Here's the current list of reviewers: https://bit.ly/joss-reviewers

VivianePons commented 3 years ago

@whedon re-invite @williamfgc as reviewer

VivianePons commented 3 years ago

That should fix the issue

whedon commented 3 years ago

OK, the reviewer has been re-invited.

@williamfgc please accept the invite by clicking this link: https://github.com/openjournals/joss-reviews/invitations

williamfgc commented 3 years ago

I have a few initial recommendations upon my review. I hope the authors find this helpful to transition ParaMonte from academic code to production quality software:

  1. I couldn't find the use of automated test frameworks for unit and functional tests. I'd recommend using ctest as the project has CMake support and create automated tests. It seems there are a set of tests under src/test, but they are not executed automatically. Also a Fortran unit testing framework could be a good alternative.
  2. CI: this project is missing continuous integration. I find it difficult to accept it without comprehensive testing when changes are made to the repo. CI builds trusts among users and developers.
  3. Contributing: it's not clear the contribution policy. This is tied to 1. and 2. and the lack of CI infrastructure (either GitHub Actions, CircleCI, Travis, on a single platform would be helpful, etc.).
  4. Installation: add support for CMake installation. While there is a large effort to support different platform via scripts, it would be beneficial to reuse CMake portable capabilities to build and install the library portably. This could be added to their CI.
  5. Code coverage: once CI is installed please add code coverage (e.g. Coverity, Codecov)
  6. Code documentation: it's hard to find API level documentation (e.g. doxygen) for internal functions so any new developer to the project can pick up the original author's intention. I see some files have it while others (SpecBase_Description_mod.f90)[https://github.com/cdslaborg/paramonte/blob/master/src/ParaMonte/SpecBase_Description_mod.f90] don't.
  7. The paper focuses too much on previous work publications, rather than exposing the merits of the software infrastructure and (most importantly) impact. I'd focus it on the community impact: use cases, important integration with other projects, etc.
  8. Distribution and packaging (optional): it would be good to have the option for standard distribution packages (conda, spack). Install scripts have to be constantly updated and maintained. Without proper CI, bugs could pile up pretty quickly.

I'd be happy to expand on the above if required, but I believe they are necessary to meet minimal software quality standards.

VivianePons commented 3 years ago

Hi @shahmoradi have you had any time to look at the comments made by @williamfgc ?

shahmoradi commented 3 years ago

@VivianePonsThank you for your reminder. I am working on it right now as we speak.

milancurcic commented 3 years ago

The items I checked off are okay. Few remain unchecked because of issues with installation.

I tested serial binary releases for Fortran with both GNU and Intel. Both worked as expected and I was able to build and run the example program.

I wasn't able to use the parallel releases because they require MPICH. I tend to work with OpenMPI so it'd be nice if binary releases with OpenMPI were available.
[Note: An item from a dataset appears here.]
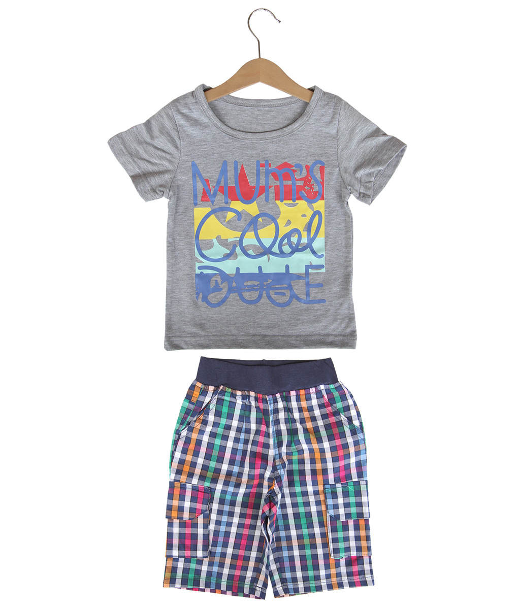 Setelan kaos dan celana pendek anak yang nyaman digunakan untuk bermain dan aktivitas lainnya, kaos warna abu-abu dengan tulisan Mom’s Cool Dude, celana motif kotak-kotak warna-warni dengan aksen kantong samping. Standar cutting.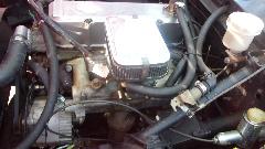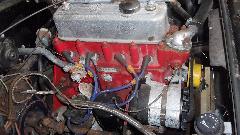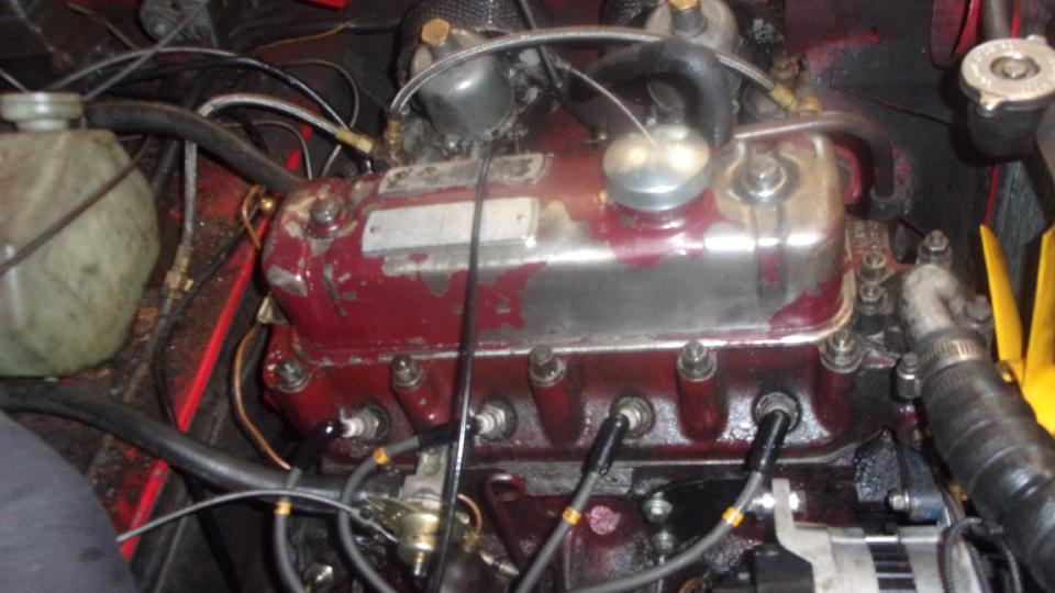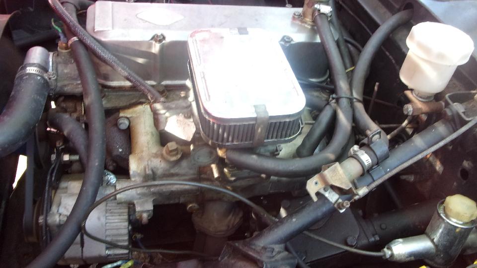 Up top, new oil filter, then the head gasket, head, rocker arm assembly bunch of head nuts and the valve cover. Scratch head once before filling up the oil, remove spark plugs, and crank it 45 seconds to bring up oil pressure. Peachy. Install spark plugs and distributor cap, reconnect temperature sensor, manifold bolts, carburetors, radiator and hoses, top up coolant. Check underneath, find a little drip, tighten one hose clamp, do coolant system pressure test just for good measure. Scratch head twice to assure we hadn't missed anything, shrug shoulders and fire it up.

I opened an issue for this.

I tried building from source which failed. I opened an issue for this.

There was also a slight issue with wording in ACKNOWLEDGMENT.md which make it sound like the license requires citing the software. I opened an issue for this.

I confirm and re-iterate points 1 and 3 by @williamfgc as important. Points 2, 5, and 8 I consider nice to have but not essential. Point 6 I couldn't confirm--I had no problem finding the API docs and found them thorough.

I suggest tackling these before proceeding with the review.

williamfgc commented 3 years ago

@milancurcic thanks for confirming. I modified some points to make them clear based on your comments.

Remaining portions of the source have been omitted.